If you try in vain to recruit those densely consolidated, unrecruitable lung units, what will happen? Well, you’ll continue to increase the pressure and volume delivered to the lungs. For most clinicians, this means increasing the PEEP, perhaps with the addition of recruitment maneuvers (although these have somewhat dwindled in popularity). However, none of this added PEEP will reach the bad lung. Instead, it will preferentially enter the “good” alveoli, and increasingly overdistend it.
This will result in volutrauma of the healthy lung, perhaps leading to further lung injury in the middle-to-long term. But in the short term, could it actually cause hypoxia?
Worsening V/Q matching caused by overdistention
Turn your attention now to the pulmonary capillaries.
These poor fellows were innocent bystanders until now, doing their job as expected. In the shunted alveolus, they were vasoconstricting to redirect blood toward the good side, limited the blood that passes uselessly through the shunted lung and maximizing the perfusion to the ventilated region.
However, like the rest of the pulmonary circulation, these are low-pressure vessels. It doesn’t take much to compress them.
You can probably see where this is going.
As you increase PEEP fruitlessly, and increasingly distend your working, ventilated alveoli, that alveolar overpressure will begin to collapse the pulmonary capillaries within the recruited lung. As they’re squeezed shut, perfusion to ventilated lung is decreased, and perfusion to the shunted lung is consequently increased. Voila: you’ve worsened V/Q matching and hence exacerbated hypoxemia.
How can you avoid it?
It’s easier than you might think to get caught in this trap.
Increasing PEEP alongside FiO2 is a reasonable starting point. But it’s always important to bear in mind that some lung is not recruitable using any amount of PEEP. Unlike our two-unit model, of course, real lungs exist on a spectrum, with some freely ventilated alveoli, some that are densely consolidated, and some in the middle that may be recruitable. You can’t always quantify this beforehand. But you can appreciate the end result, which is that some patients will respond well to increased PEEP, while others may not.
So turn up your PEEP—and perform a recruitment maneuver if that’s your thing—then allow some time for recruitment to occur.
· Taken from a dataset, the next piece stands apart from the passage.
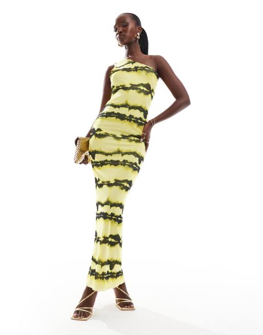 ASOS DESIGN - Gul oneshoulder-maxikjole i mesh med leopardprint
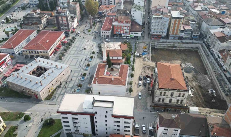 Samsun’da ticaretin en hareketli olduğu lokasyonların başında gelen Saathane Meydanı’nda Büyükşehir Belediyesi tarafından yürütülen büyük dönüşüm projesi hız kesmeden devam ediyor. Bölgedeki tarihi dokunun ön plana çıkarılmasını hedefleyen Büyükşehir Belediyesi, projeyi hazırlarken de tarihi kaynakları referans aldı. Arşivler taranarak 1 asır önce çekilen fotoğraflarda yer alan çarşının bulunduğu alana mevcut tarihi dokuya uygun hazırlanan yeni Ticaret Merkezi Projesi’nin inşası devam ediyor. Büyükşehir Belediyesi’nin, 5 katlı belediye hizmet binasının yıkımının ardından yerine yaptığı Ticaret Merkezi inşaatında yüzde 20 fiziki gerçekleşmeye ulaşıldı. Tarihi ve turistik bir çarşı olacak Ticaret Merkezi Projesi’nde 2 katlı 19 mağaza, 5 restoran ve 206 araçlık otopark bulunacağı ifade edildi. Uygulanan proje ile bölgenin asırlık dokusunun, ticari kültürünün yapılan dokunuşlarla yaşatılıp gelecek kuşaklara korunarak aktarılması hedefleniyor.

If, however, there is no improvement in the oxygen saturation after a reasonable period (perhaps 15 minutes), then you have probably failed to recruit the problem lung units. You can either try more PEEP, give it more time… or call it quits, and stop trying to open those alveoli until the underlying disease has begun to improve.
(Measuring driving pressures before and after PEEP changes may be a useful way to quantify this process, since the driving pressure should decrease after an effective PEEP increase and increase after a fruitless one.)
At the other end, if you have a sick, hypoxic patient on very high levels of PEEP (or perhaps APRV), always consider whether you may have gotten ahead of yourself on the PEEP rollercoaster, and consider a trial of reducing it. This should be done cautiously, since lung recruitment is a precious commodity in badly shunted patients that—once lost—may take hours to rebuild. But if you’re scratching your head over a patient with relatively unimpressive markers of disease (such as chest imaging), yet severe hypoxia and high PEEP, it’s a move to try.
Like most things in critical care, there’s always a right amount of PEEP—you just may not know what it is. But if you remember that the dial turns in both directions, you’ll have a better chance of finding the sweet spot.